Oltre il palcoscenico. La nona edizione de Le Notti delle Sementerie

0
464

In un teatro composto da fili di paglia nel mezzo della campagna emiliana, da nove anni a questa parte Manuela De Meo e Pietro Traldi realizzano Le Notti delle Sementerie, una rassegna di spettacoli che anima la città di Crevalcore (Bologna) e, nello specifico, Sementerie Artistiche, un presidio culturale nato nel 2015 all’interno degli spazi di un’azienda agricola. Teatro e contesto rurale qui si incontrano e insieme creano esperienze performative che hanno come obiettivo quello di rompere le barriere tradizionali scena-platea e instaurare con gli spettatori una relazione teatrale più diretta, accessibile e partecipata.

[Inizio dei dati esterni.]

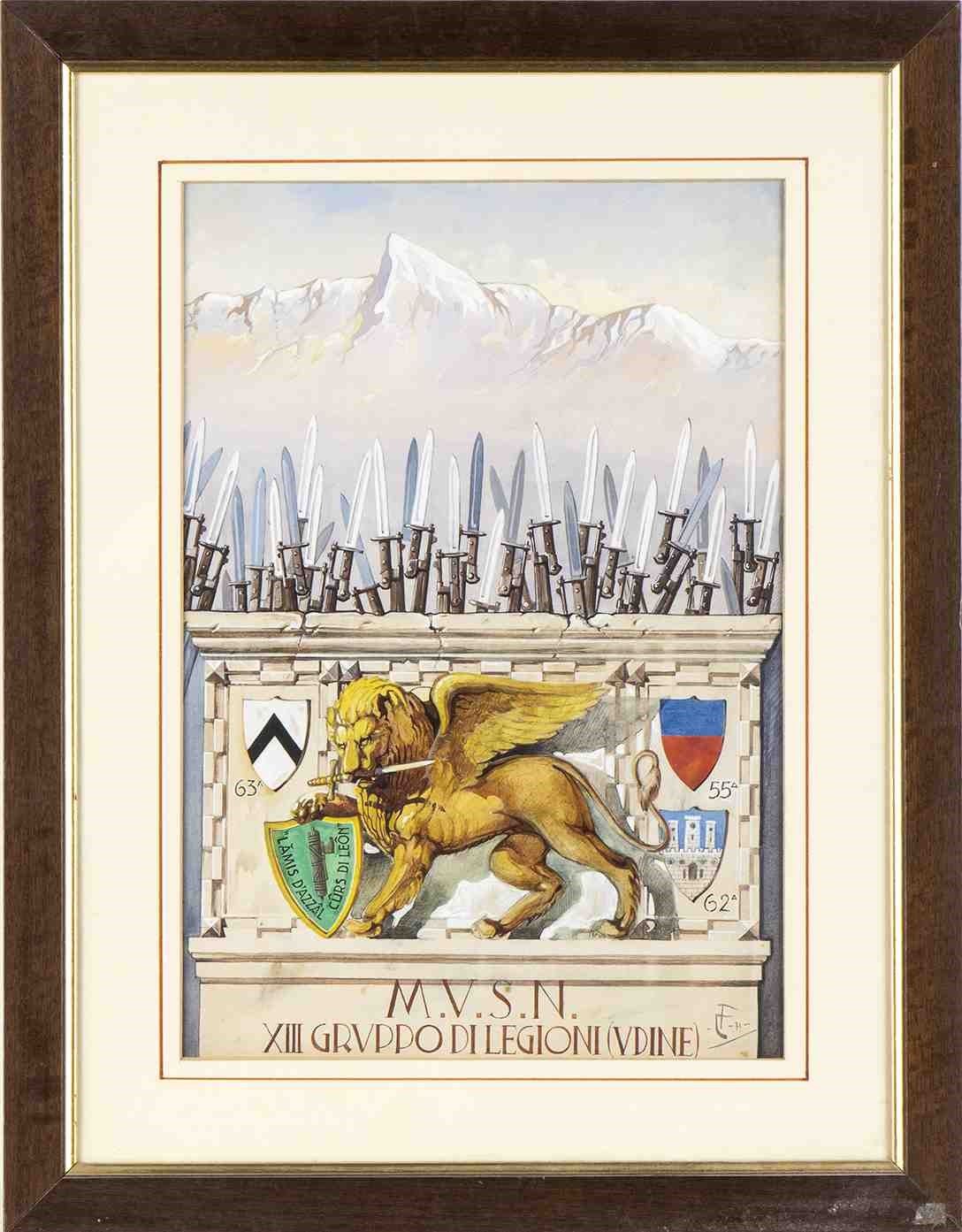 Militaria... tempera su carta, siglata, 1931, 50 x 38 cm

Quest’anno Le Notti delle Sementerie si tiene dall’11 luglio al 3 agosto e vede alternarsi due spettacoli, Sogno di una notte di mezza estate da Shakespeare e Lisistrata – chi fa l’amore non fa la guerra da Aristofane (prima assoluta), entrambi realizzati con il coinvolgimento di un ampio gruppo di cittadine e cittadini partecipanti a un laboratorio, che affiancano il cast d’interpreti professionisti.

Come e quando è nato Sementerie Artistiche? 

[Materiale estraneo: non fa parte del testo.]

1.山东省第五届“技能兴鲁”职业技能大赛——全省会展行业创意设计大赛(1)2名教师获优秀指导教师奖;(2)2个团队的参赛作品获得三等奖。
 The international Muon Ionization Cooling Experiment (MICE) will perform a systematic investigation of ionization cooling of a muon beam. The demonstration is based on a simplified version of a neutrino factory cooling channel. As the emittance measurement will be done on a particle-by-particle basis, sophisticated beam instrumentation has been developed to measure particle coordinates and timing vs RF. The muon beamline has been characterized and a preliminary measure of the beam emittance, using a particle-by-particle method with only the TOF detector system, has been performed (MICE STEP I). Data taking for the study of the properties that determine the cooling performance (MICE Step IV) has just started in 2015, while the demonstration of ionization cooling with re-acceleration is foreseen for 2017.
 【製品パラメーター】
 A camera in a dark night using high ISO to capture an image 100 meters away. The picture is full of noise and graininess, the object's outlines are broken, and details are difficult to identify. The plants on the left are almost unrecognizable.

«Il progetto – racconta Manuela De Meo – è nato a seguito del terremoto del 2012 in Emilia. In quel periodo l’azienda che ora ci ospita – attiva dagli anni ‘30 –  stava trasformando la sua produzione, perciò quando i magazzini e gli edifici sono stati danneggiati dal terremoto, poi sono stati ricostruiti diversamente. Io e Pietro lavoravamo già come attori, non avevamo uno spazio ma avevamo accumulato esperienze in diversi luoghi da cui abbiamo tratto ispirazione per Sementerie. Così abbiamo colto questa occasione inaspettata, nel 2013 sono iniziati i lavori e nel giro di un paio d’anni, a fine 2015, abbiamo ufficialmente fondato le Sementerie Artistiche. Il nome è scelto proprio in onore dell’azienda, conosciuta per la sua attività di ricerca genetica sui semi. Inoltre, in questo concetto di seme, volevamo intendere anche il germogliare di qualcosa di nuovo in un luogo inaspettato e non deputato alle attività culturali». 

Quali sono le progettualità all’interno di questo spazio?

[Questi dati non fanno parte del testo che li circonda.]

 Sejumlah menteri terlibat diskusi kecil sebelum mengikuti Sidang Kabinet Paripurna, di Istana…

«Ci occupiamo di produzione di spettacoli, che nei primi anni erano realizzati in collaborazione con il Banfield Teatro Ensamble di Buenos Aires; e di altre attività culturali come laboratori di teatro, danza aerea, workshop di lettura, residenze, dando anche la possibilità agli artisti di soggiornare nella nostra foresteria.  

A partire dal 2016 abbiamo inoltre dato il via a Le Notti delle Sementerie, che ha visto fin da subito la costruzione del teatro di paglia, nato inizialmente da un problema: la sala al chiuso non poteva ancora ospitare gli spettacoli e il pubblico perché mancava la gradinata, il graticcio etc. Così, relazionandoci con l’azienda, abbiamo costruito il teatro di paglia, poi divenuto il simbolo del Le Notti, luogo che unisce il mondo agricolo a quello teatrale. Sembrano universi inconciliabili, ma è proprio in virtù della non convenzionalità degli spazi che si apre la possibilità di immaginare progetti originali, diversi rispetto a quelli che avvengono nel contesto urbano». 

Quali sono le interlocuzioni con l’azienda e come si è sviluppato il rapporto in relazione alla gestione dello spazio?

«L’interazione è viva e collaborativa. Fra le interazioni principali c’è proprio la costruzione del teatro di paglia: bisogna attendere il momento dell’anno in cui il grano viene mietuto e quando le macchine sono a disposizione. Inoltre, prima che esistessimo noi, l’azienda era un luogo dedito alla sola produzione e quindi anche sul piano estetico lo spazio era funzionale al solo lavoro. Ora invece è diventato un luogo da attraversare e in cui passare del tempo e questo ha dato la possibilità non solo a noi di esistere, ma anche all’azienda di immaginare attività diverse: ha infatti affiancato alla tradizionale produzione, anche un orto a cui è collegato un agriturismo, che negli ultimi due anni ha cominciato a prendere piede e che si occupa della sezione ristoro durante Le Notti. Sementerie è quindi diventato uno spazio pubblico, un’occasione per accogliere persone e per invitarle a restare».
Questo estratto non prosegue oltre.